* **Assignment**
Please, without the pictures, restate every entry exactly.

* **Available data**
┌──

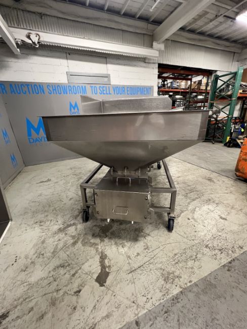 PRO ENGINEERING MANUFACTURING PRODUCT HOPPER WITH CLEATED INCLINE Z-CONVEYOR, MODEL 25181-2, HOPPER DIMENSIONS APPROX. 72 IN. L X 57 IN. W X 34 IN. D, 480 V, 3 PHASE (LOCATED IN PITTSBURGH, PA) (RIGGING AND LOADING FEE: $450.00)
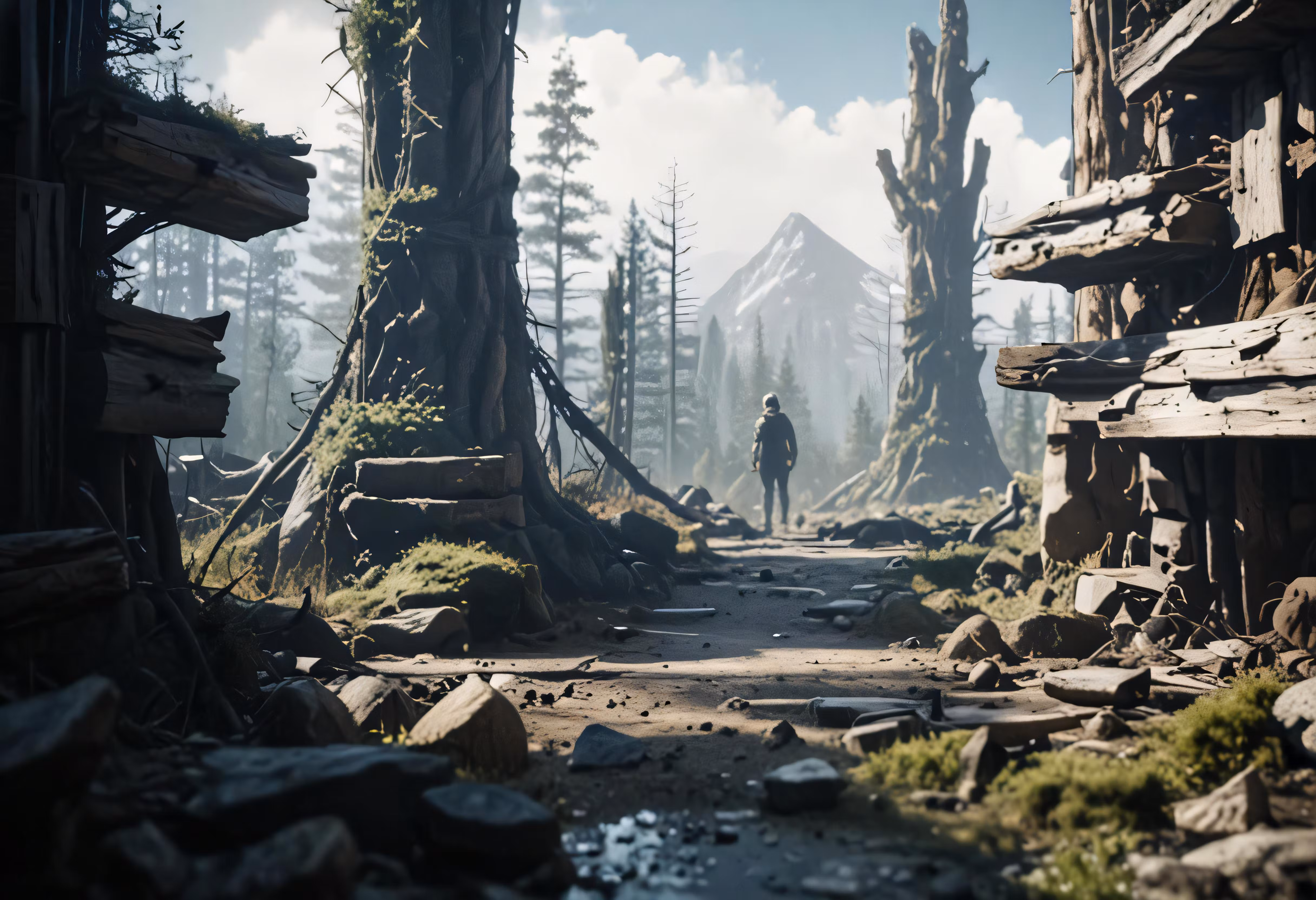 High resolution picture, free to use, a man standing near many trees in a heavily forested area
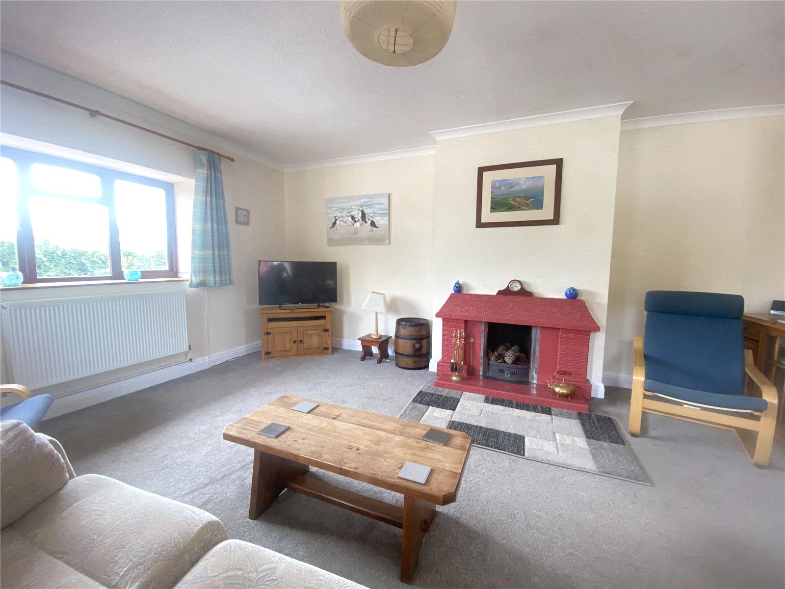 Carpet flooring, 3 x wooden framed double glazed windows, 2 x wall mounted radiator central ceiling light, open fire place.
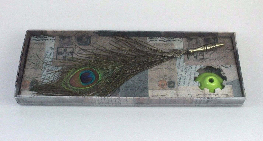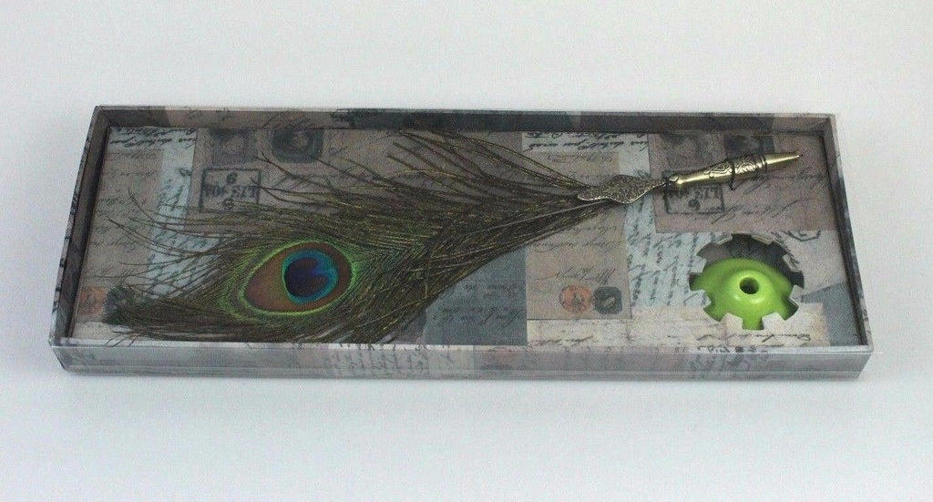 This beautiful quill ballpoint pen set is the perfect way to add a little Old World sophistication to your desk.  Featuring a real peacock feather that has been adorned with an antique silver ballpoint grip section this pen gives you the charm of using a real quill pen but with the convenience of a ballpoint.  Complete with a glazed ceramic pen stand this set makes a great gift.
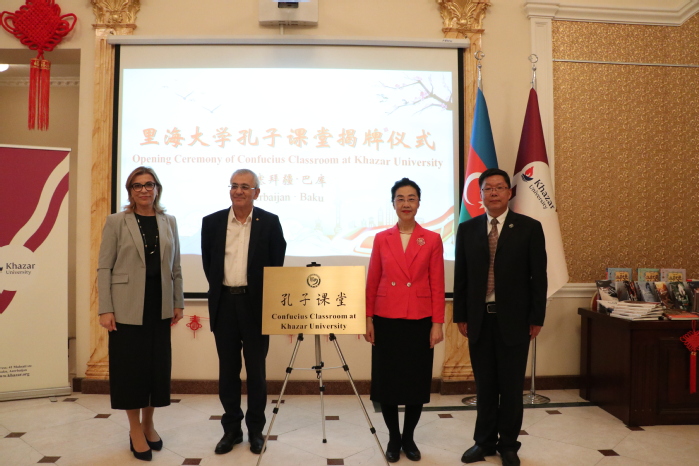 周飞和中国驻阿大使郭敏共同出席里海大学“中国文化开放日”和孔子课堂开设揭牌仪式
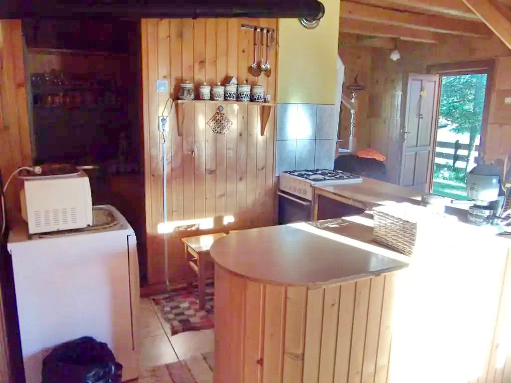 Konyhai eszközök: Fás és palackgázos tűzhely, mosogatógép, hűtőszekrény, edények, evőeszközök.

└──

* **Result for this exercise**
 PRO ENGINEERING MANUFACTURING PRODUCT HOPPER WITH CLEATED INCLINE Z-CONVEYOR, MODEL 25181-2, HOPPER DIMENSIONS APPROX. 72 IN. L X 57 IN. W X 34 IN. D, 480 V, 3 PHASE (LOCATED IN PITTSBURGH, PA) (RIGGING AND LOADING FEE: $450.00)
 High resolution picture, free to use, a man standing near many trees in a heavily forested area
 Carpet flooring, 3 x wooden framed double glazed windows, 2 x wall mounted radiator central ceiling light, open fire place.
 This beautiful quill ballpoint pen set is the perfect way to add a little Old World sophistication to your desk.  Featuring a real peacock feather that has been adorned with an antique silver ballpoint grip section this pen gives you the charm of using a real quill pen but with the convenience of a ballpoint.  Complete with a glazed ceramic pen stand this set makes a great gift.
 周飞和中国驻阿大使郭敏共同出席里海大学“中国文化开放日”和孔子课堂开设揭牌仪式
 Konyhai eszközök: Fás és palackgázos tűzhely, mosogatógép, hűtőszekrény, edények, evőeszközök.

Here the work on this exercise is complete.